IL-17 had started its life under the name of CTLA-8, a gene product without clear function. At the time of IL-17’s discovery, I was encouraging the Schering-Plough facility near Lyon to use IL-4 to control RA inflammation. The Schering-Plough group was very active in the field of B cells, and the new molecule called CTLA-8 was tested in all the B-cell and T-cell assays in routine use in the laboratory. No effect was observed and the project was going to be dropped until someone suggested testing an effect of RA synoviocytes, which I had available in my laboratory.
This last effort to find a function for IL-17 was successful; induction of IL-6 by synoviocytes was observed, making IL-17 indeed a French discovery. At the same time as I was conducting this work, researchers at Immunex in Seattle (now part of Amgen) reached a similar conclusion from their work on the IL-17 receptor.7 At this early stage of research, inhibitors were obtained—including a mouse anti-human IL-17 monoclonal antibody and an anti-mouse IL-17 soluble receptor also active on human IL-17—so these tools could have been transferred quickly to the clinic as early as 1996.
The link between IL-17 and RA was further extended when we showed that pieces of RA synovium could produce bioactive IL-17. This activity was measured with a bioassay where supernatants from pieces of cultured RA synovium induced a massive production of IL-6 by RA synoviocytes.8 Using the first available monoclonal antibody to block human IL-17, such production was reduced by two-thirds. This robust production of IL-6 using supernatants with IL-17 contrasted with the limited effect of recombinant IL-17 alone.
The conclusion of these experiments was that bioactive IL-17, produced by the RA synovium, interacted with other known stimulating cytokines, such as TNF and IL-1, to induce IL-6 production (See Figure 1, right). These interactions were shown to be the consequence of synergy. We know now that IL-17 increases the effects of TNF and IL-1 by increasing the mRNA half-life of genes induced by these cytokines. Observation of synergistic interactions in mesenchymal cells supports the regulatory nature of signals from T cells acting on monocytes and dendritic cells.

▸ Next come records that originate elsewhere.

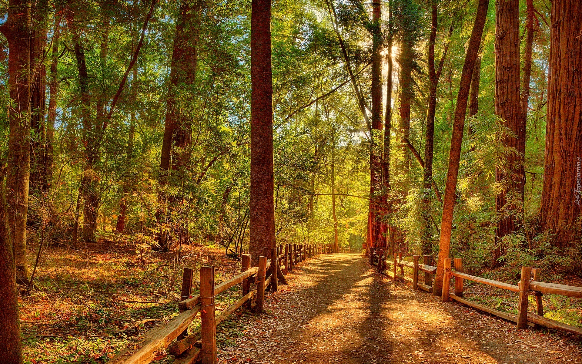 Edytor tapety: Droga, Las, Promienie Słońca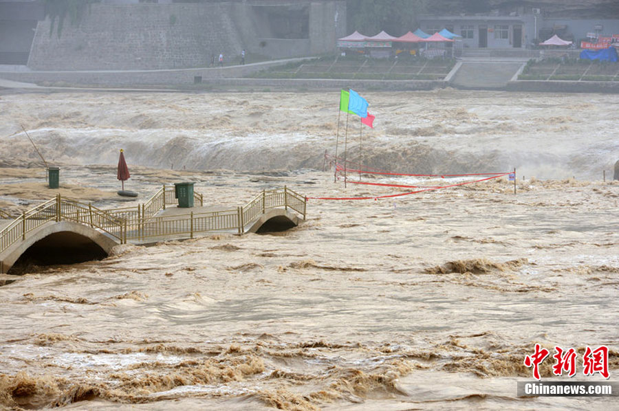8月29日,黄河壶口瀑布景区,金色的主副瀑布连成一片,形成特大瀑布群。河水奔流而下,洪波怒嚎,激流翻腾,景象极为壮观,远远望去宛如一条奔流激荡的金色长龙俯卧在十里龙槽里,让游人叹为观止。刘洋 摄 图片来源:东方IC 版权作品 请勿转载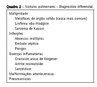 A incidência de metástases para o parênquima pulmonar originadas de neoplasias primárias extratorácicas varia de 20 a 54%. As metástases decorrentes de tumores sólidos são as causas mais freqüentes de múltiplos nódulos pulmonares, responsáveis por cerca de 80% de tais casos (Quadro 1).(4) A tomografia computadorizada de tórax é o exame de escolha para a avaliação de múltiplos nódulos pulmonares. Essas lesões são, na maioria das vezes, menores que 5 mm, e estão localizadas na região subpleural ou escondidas pelas estruturas mediastinais ou pelas cúpulas diafragmáticas.

The inhibitory effect of IFNγ on IL-17 production and function as clarified in 2003 by Masanori Kawashima, who was working in my laboratory.9 Dr. Kawashima was comparing the effect of IL-12, with or without IL-18, on the expression of IFNγ and IL-17. In the paper published on these experiments, we wrote, “Results for healthy PBMC and RA synovium cells show a discrepancy between IFNγ and IL-17 regulation by IL-12 and IL-18. In particular, IL-12 plus IL-18 synergistically increased the expression of IFNγ mRNA, but decreased that of IL-17, in both PBMC and RA synovium cells.” We concluded that IFNγ had a critical role for inflammation and IL-17 a critical role for destruction.